- Work to be completed
Find the line that contains "- Integré dans" in the records below, then repeat exactly that line and each one after it, leaving pictures out.

────────

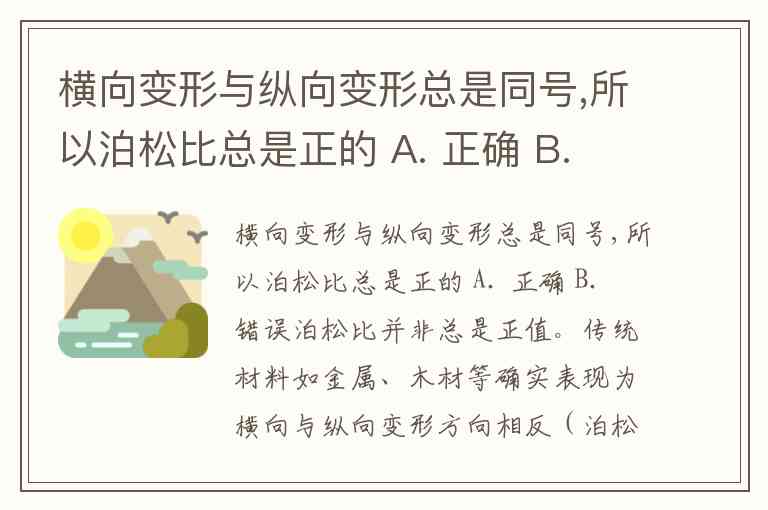 因此,“横向与纵向变形总是同号”的结论仅适用于常规材料,负泊松比材料的存在直接否定了这一绝对化表述。答案为B. 错误。
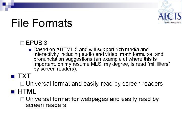 File Formats ¨ EPUB 3 n Based on XHTML 5 and will support rich media and interactivity including audio and video, math formulas, and pronunciation suggestions (an example of where this is important, on my resume MLS, my degree, is read “milliliters” by screen readers). n TXT ¨ Universal format and easily read by screen readers n HTML ¨ Universal format for webpages and easily read by screen readers
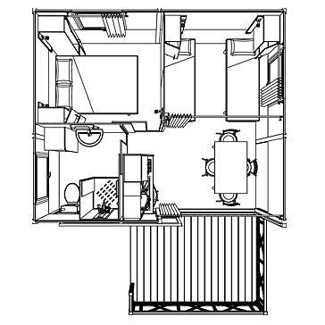 - Integré dans le séjour un canape convertible en un lit de 140 x 190
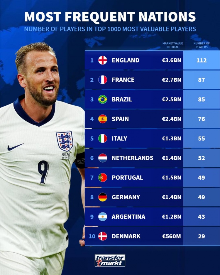 2月16日訊 德國轉(zhuǎn)會(huì)市場統(tǒng)計(jì)了身價(jià)前1000名各國球員的人數(shù),并列出榜單,英格蘭112人居首,法國、巴西二三位。
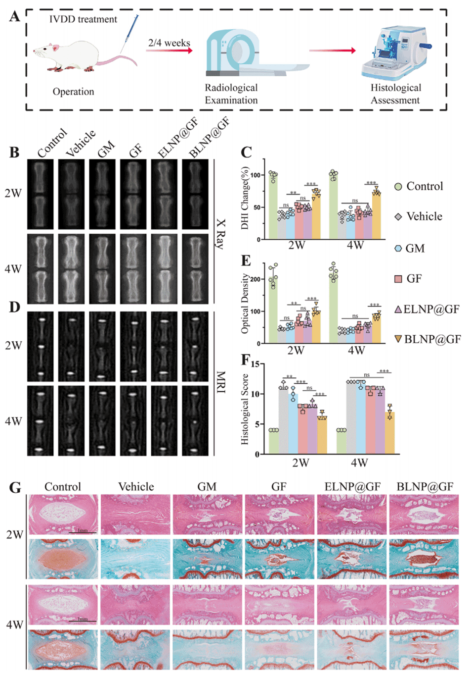 3、在大鼠尾穿刺IVDD模型中,局部注射BLNP@GF可显著改善NP组织ECM重塑,提高椎间盘高度指数(DHI)和MRI信号强度,延缓退变进程。
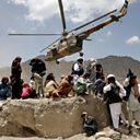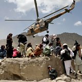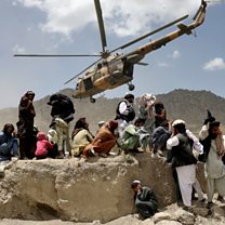 (Photo: A Taliban helicopter takes off after bringing aid to the site of an earthquake in Gayan, Afghanistan, June 23, 2022. Credit: Ali Khara TPX IMAGES OF THE DAY/REUTERS)
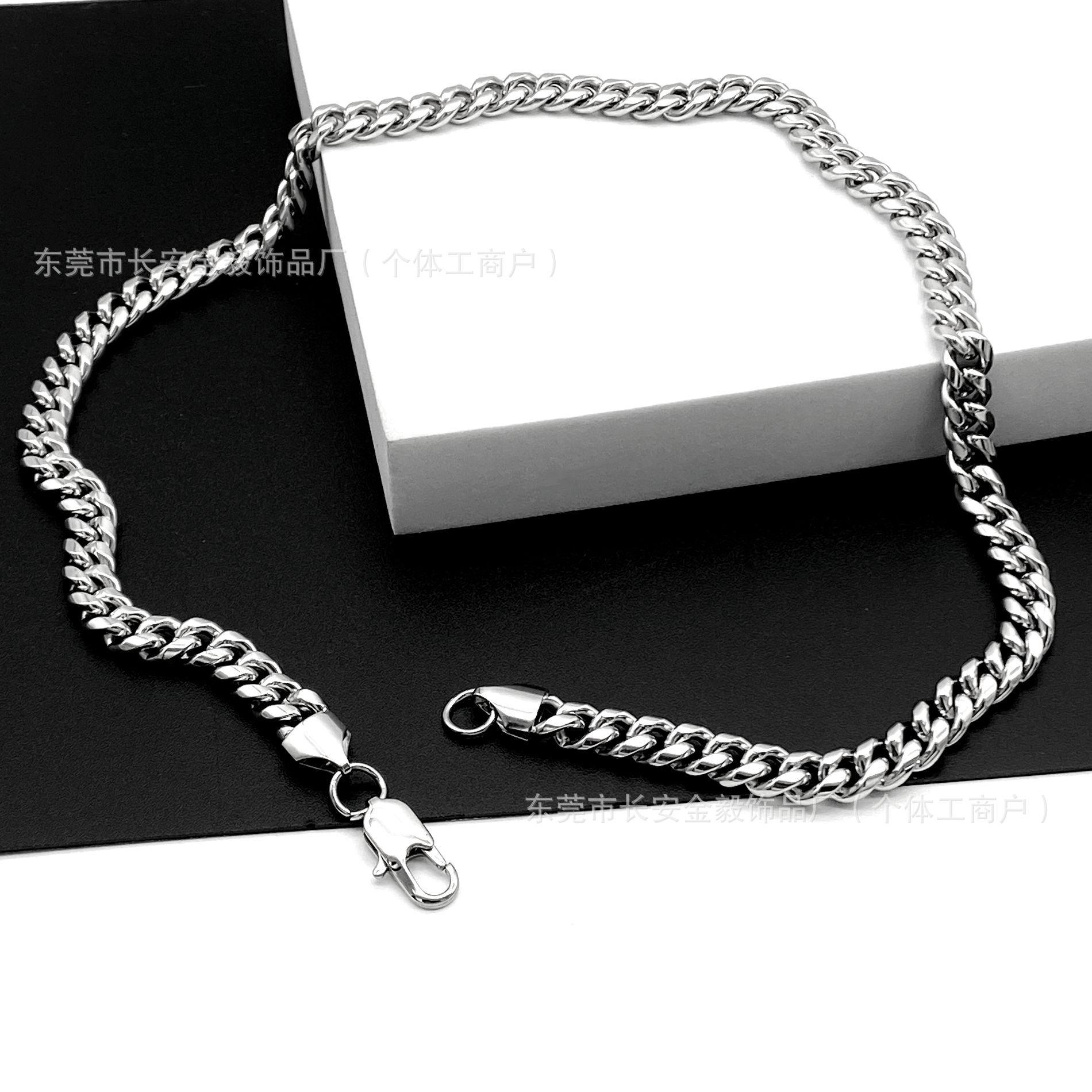Moda europea y americana hip hop acero inoxidable redondo molienda encriptación collar cubano hebilla japonesa acero titanio pulsera para hombre collar al por mayor

────────

- Exercise response
 - Integré dans le séjour un canape convertible en un lit de 140 x 190
 2月16日訊 德國轉(zhuǎn)會(huì)市場統(tǒng)計(jì)了身價(jià)前1000名各國球員的人數(shù),并列出榜單,英格蘭112人居首,法國、巴西二三位。
 3、在大鼠尾穿刺IVDD模型中,局部注射BLNP@GF可显著改善NP组织ECM重塑,提高椎间盘高度指数(DHI)和MRI信号强度,延缓退变进程。
 (Photo: A Taliban helicopter takes off after bringing aid to the site of an earthquake in Gayan, Afghanistan, June 23, 2022. Credit: Ali Khara TPX IMAGES OF THE DAY/REUTERS)
Moda europea y americana hip hop acero inoxidable redondo molienda encriptación collar cubano hebilla japonesa acero titanio pulsera para hombre collar al por mayor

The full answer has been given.